Wednesday, May 19, 2010

More "Expat Entertainment," or Successful Isolated Expat Living

My father grew up in Tanzania and later Zimbabwe (then Rhodesia), and his stories of his expat life fueled my childhood imagination. There are few photographs and one precious film reel from that distant time of his life, but in my mind's eye, I've always been able to picture everything in great detail. As a child, I would retell my father's stories to my friends, and without realizing it, made his memories my own.

And these memories periodically return to me as aspects of my own expat life echo that of my father. Food was often scarce, and if someone brought several dozen eggs to the farm, they would eat eggs. For days. In every imaginable reincarnation. Those of you who read this blog regularly know that while my husband and I are thankfully well-fed, we too are often the recipients of someone's bounty.

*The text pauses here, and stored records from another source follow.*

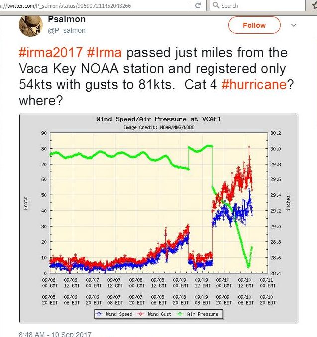 ところが、嵐が最も近づいた瞬間にタンパの気象台で計測されたのは風速19マイル(約30㎞)でした。
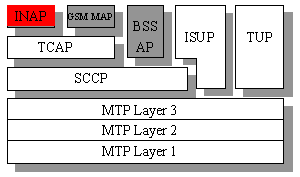 智能網(wǎng)的通信采用SS7信令,SS7信令系統(tǒng)中的智能網(wǎng)應(yīng)用部分(INAP)是專(zhuān)門(mén)用于智能網(wǎng)通信的。INAP是建立在TCAP和SCCP協(xié)議層之上的,在下面SS7協(xié)議棧中可以看出INAP在SS7協(xié)議棧中所處的位置: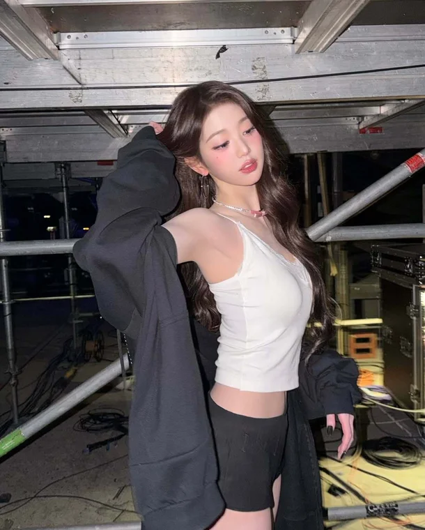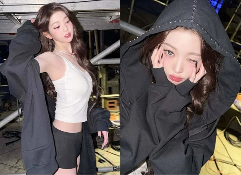 In the picture, Jang Wonyoung is wearing a hooded t-shirt in fashion with a white slip sleeveless top and black shorts. Jang Wonyoung, who has a juicy expression as if she is winking with one eye closed, draws attention by even emitting sexiness.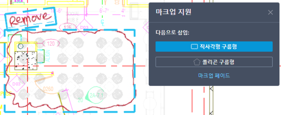 외부 참조에 마크업 지원을 적용할 수 있으며, 마크업 지원을 사용하여 구름형 리비전을 삽입, 직사각형, 폴리곤으로 삽입하도록 선택할 수 있습니다.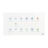 Beställning möjlig endast i samband med design-ID. Ikonerna och/eller texterna konfigureras med hjälp av ett webb konfigurations verktyg. Fritt konfigurerbara multifunktions kontroll element. Med integrerat KNX-busskoppel. Med integrerad temperatur givare. Med integrerad närhets funktion. Push switch funktion: Växlande/ljusreglering/markislind/skicka värden/scener etc. Stöd för KNX funktioner genom innovativt färg koncept (gult = ljus, blått = markis, orange = RTC, magenta = scen och vit = neutral/ingen tilldelad funktion) eller standard belysning röd/grön.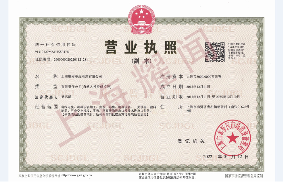 上海耀聞電線電纜有限公司成立于2015年,注冊(cè)資本5000萬元人民幣。是一家專注于電線電纜的研發(fā)、生產(chǎn)及銷售的高新技術(shù)企業(yè)。

And like my grandmother, I too endeavour to find as many different ways to use the seven heads of Romaine lettuce or the five kilograms of yogurt.

Recently, memories of my father's African evenings have been coming to mind. I picture him and his six siblings sitting in the family's living room, knitting or reading or listening to the shortwave radio, trying desperately not to disturb their father as he reads or writes. My grandmother is writing letters and perhaps someone is rereading a precious letter from Europe aloud to the others. Or they are singing. Or telling stories, erupting into fits of laughter. My father and his siblings, all of whom are still alive today, still enjoy simple, quiet pastimes -- corresponding with each other and far away friends (although a few of my aunts, into their seventies and eighties now, have mastered email!); listening to the radio; and knitting. But I credit their expat upbringing in rural east Africa, which, despite the fond memories, was far from easy.

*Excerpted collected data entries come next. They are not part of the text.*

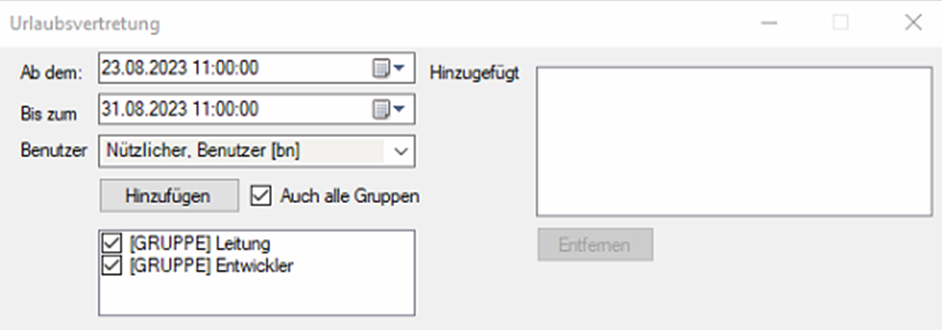 Mit dieser Funktion können Sie eine Urlaubsvertretung in einem gewissen Zeitraum hinzufügen.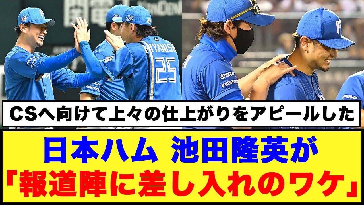 【アピール】日本ハム、池田隆英が「報道陣に差し入れのワケ」 ご視聴、チャンネル登録よろしくお願いします! 【アピール】日本ハム、池田隆英が「報道陣に差し入れのワケ」 #日本ハムファイターズ #新庄監督 #池田隆英 #レイエス #清宮幸太郎 #田宮裕涼 #郡司裕也 #松本剛 #万波中正 #プロ野球Chunichi Dragons中日ドラゴンズ新庄監督日本ハムファイターズ池田隆英郡司裕也 NPBHUB.COM | The Fanbase of Nippon Baseball & Nippon Professional Baseball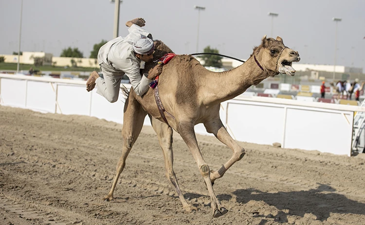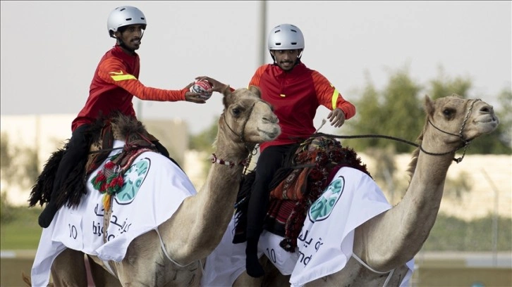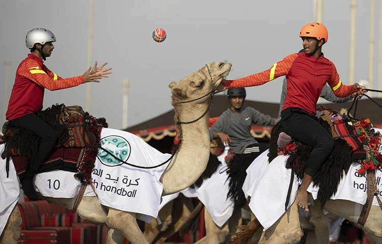 Katar'da "2022 Dünya Kupası ve Deve" etkinlikleri çerçevesinde dünyada ilk kez develer üzerinde iki hentbol maçı oynandı
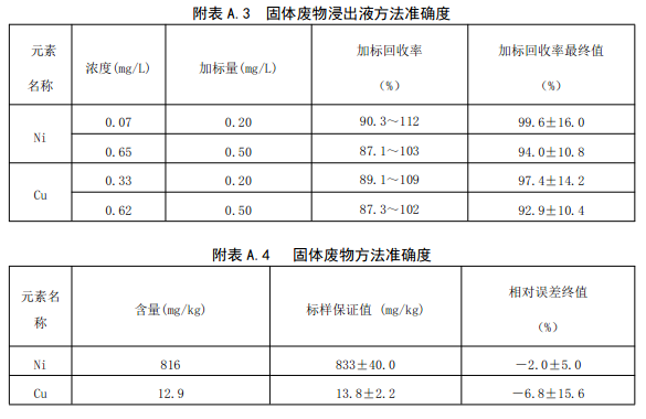 注1:如固體廢物中鎳或銅的含量較高,試樣消解后定容體積可根據(jù)實(shí)際情況確定。
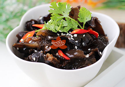 1、木耳泡发洗净,焯水约3分钟,捞出过凉水沥干。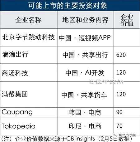 今后的“预期IPO名单”也包括很多中国企业。不仅有被视为基金最大投资对象的滴滴出行,北京字节跳动科技等中国独角兽企业似乎目前正在准备上市。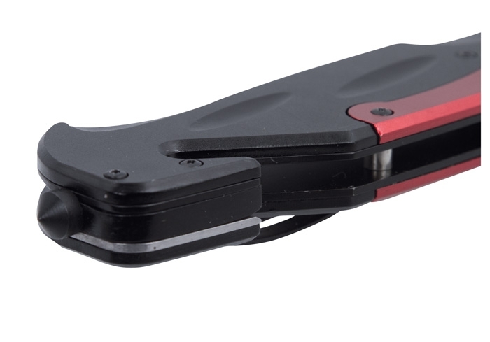 Rescue knife Rescue in XXL format from Haller with belt clip, belt cutter and glass breaker. The spring-loaded 420 stainless steel blade opens in a flash and locks securely in the working position thanks to the liner lock process.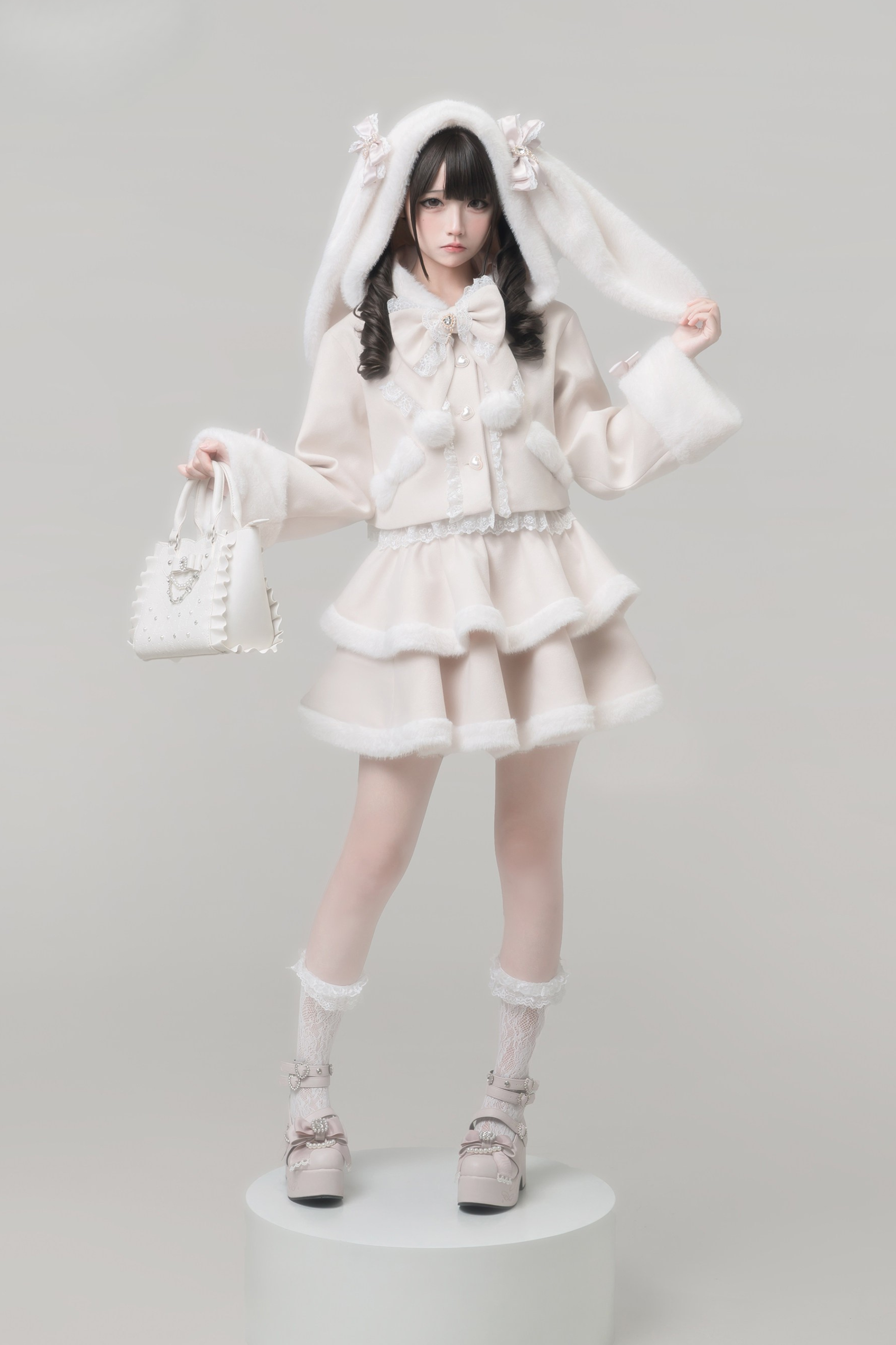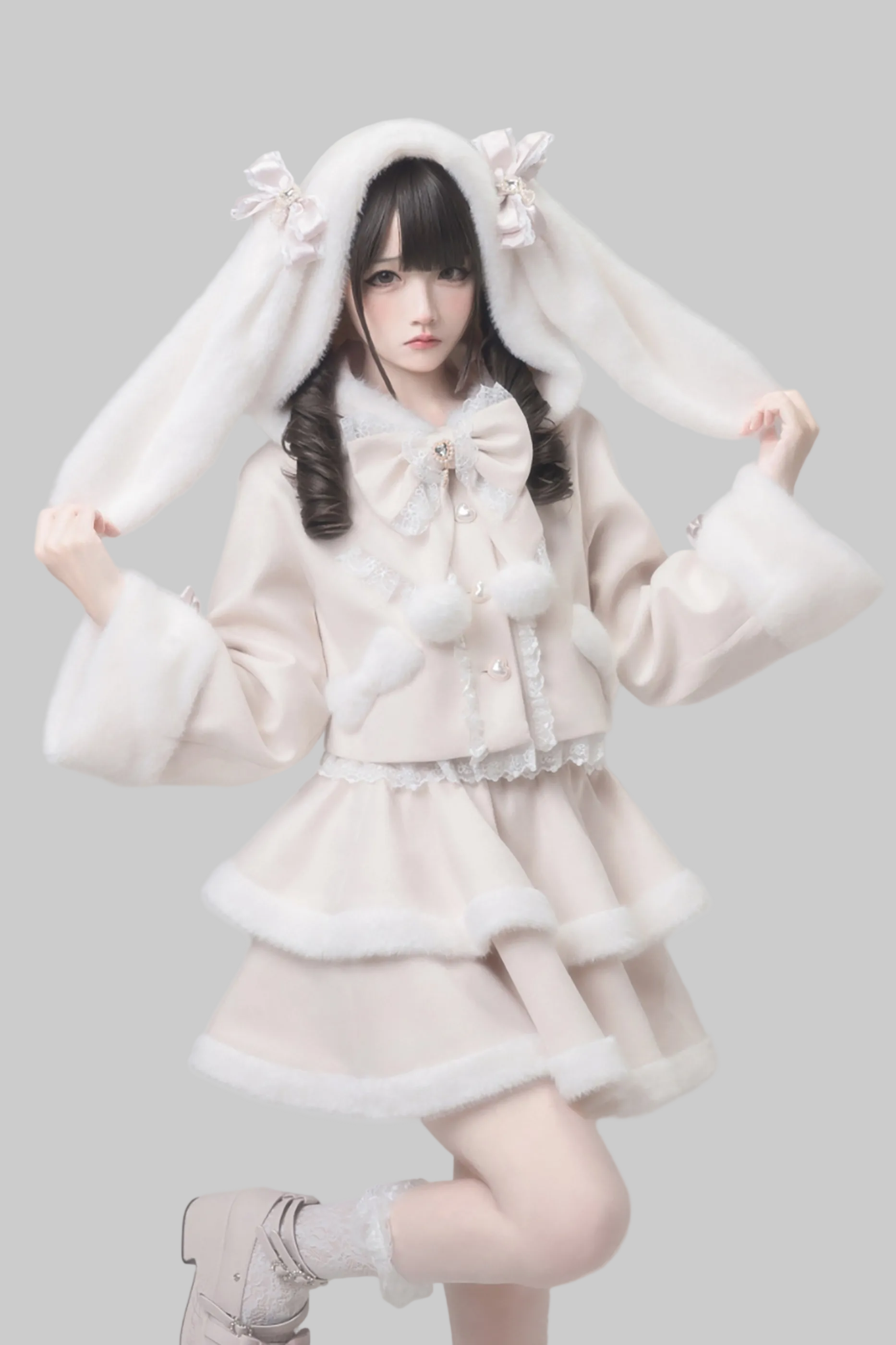 【2月7日予約締切】うさ耳フーディーファーリボンジャケット+ファースカート

And so whenever I feel sorry for myself, isolated from fancy restaurants or museums, I remind myself of all the resources I do have. I'm happy to say that I really am quite resourceful in this regard; I've written about our murder mystery dinner and our dependence on good books, and now I want to tell you about another secret to successful isolated expat living: finding and tapping into others' expertise.

My friend Oriana Sutorius-Lavoie is an artist and a teacher; my friend Carole and I share the need to 'do art' but feel we lack the talent. So we asked Oriana whether she'd consider teaching us to paint. As so often happens when one simply asks, we discovered that Oriana had already been thinking about how to start an art class! We started a week later, and for a few months now, Carole, Oriana, my husband and I meet every Tuesday evening for a lesson.

We use one of our school's art classrooms and its easels; supplies are unfortunately harder to come by -- either ridiculously expensive or impossible to find. But ever resourceful, we found some at Kitapsan, others at local hardware stores; we order some items online from the States or stock up on trips to Europe.

We started with drawing and have only recently begun painting, but we've been fueling our creativity and satisfying our need for 'something more' for months. If I were back in Toronto, I'd either be too busy to take an art class at all (as so often happens when you have everything you could possibly want at your doorstep, you take it for granted and put off taking advantage of it), or I'd be travelling through rush hour traffic one evening a week and paying hundreds of dollars to be one of two dozen students.

*I'm working on a series of 3 paintings based on windows and doors of our current home, Sadık Paşa Konağı, and inspired by Henri Matisse.

*The top photo is of my grandparents' coffee plantation in Tanzania in the 1930s.